[Opening Dataset content section]

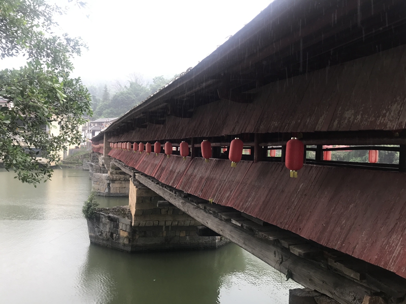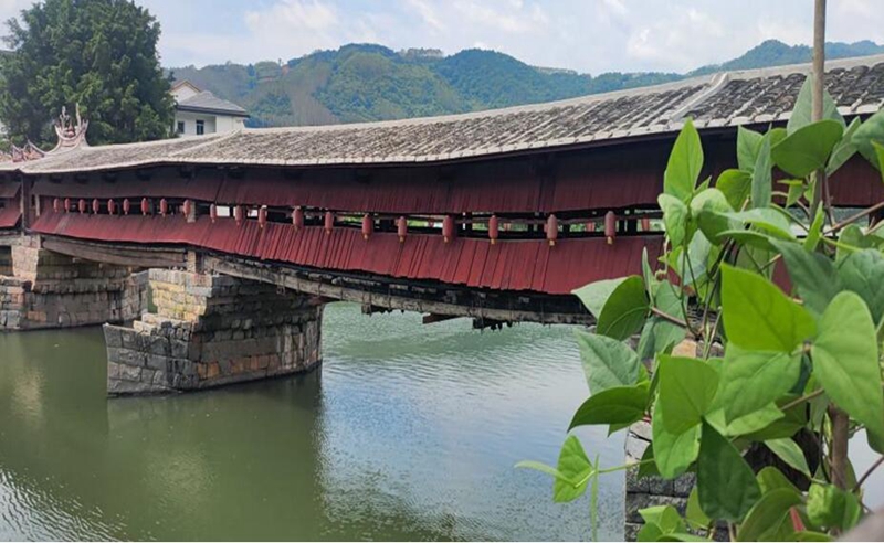 5.东关桥:东关桥飞架在湖洋溪上,始建于南宋绍兴十五年(公元1145年),是迄今已有870多年历史的省重点文物保护单位。东关桥是闽南罕见的长廊屋盖梁式桥,其睡木沉基、船形桥墩、墩上叠涩等建造技艺还较完整地保留着宋代桥梁建筑的特点,技艺之精湛、构造之奇特实属罕见。民间盛传此处观音十分灵验,建桥后年年香火不断,故又名通仙桥。
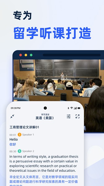 课前建议开启专业学术模式,选择对应学科领域以提升识别精度。连接蓝牙麦克风可获得更佳的拾音效果。课中可使用悬浮窗实时查看转写内容,对重点段落进行即时标记,遇到生僻术语可长按查询释义并加入个人生词本。课后通过时间轴快速浏览课程概要,补充个人注解,AI生成的摘要可作为高效的复习提纲。小组讨论时启用多人模式,系统会自动区分说话人并生成完整的对话记录,支持多人协作编辑,极大提升团队学习效率。
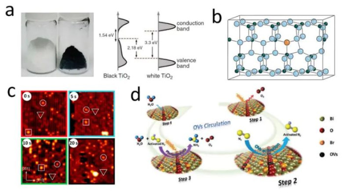 图1:氧空位的构筑技能(a)高温氢化;(b)掺杂;(c, d)高能粒子轰击

[Closing Dataset content section]

◆ **What the exercise asks**
Set down all of the data word for word; no pictures belong in it.

◆ **Expected answer**
 5.东关桥:东关桥飞架在湖洋溪上,始建于南宋绍兴十五年(公元1145年),是迄今已有870多年历史的省重点文物保护单位。东关桥是闽南罕见的长廊屋盖梁式桥,其睡木沉基、船形桥墩、墩上叠涩等建造技艺还较完整地保留着宋代桥梁建筑的特点,技艺之精湛、构造之奇特实属罕见。民间盛传此处观音十分灵验,建桥后年年香火不断,故又名通仙桥。
 课前建议开启专业学术模式,选择对应学科领域以提升识别精度。连接蓝牙麦克风可获得更佳的拾音效果。课中可使用悬浮窗实时查看转写内容,对重点段落进行即时标记,遇到生僻术语可长按查询释义并加入个人生词本。课后通过时间轴快速浏览课程概要,补充个人注解,AI生成的摘要可作为高效的复习提纲。小组讨论时启用多人模式,系统会自动区分说话人并生成完整的对话记录,支持多人协作编辑,极大提升团队学习效率。
 图1:氧空位的构筑技能(a)高温氢化;(b)掺杂;(c, d)高能粒子轰击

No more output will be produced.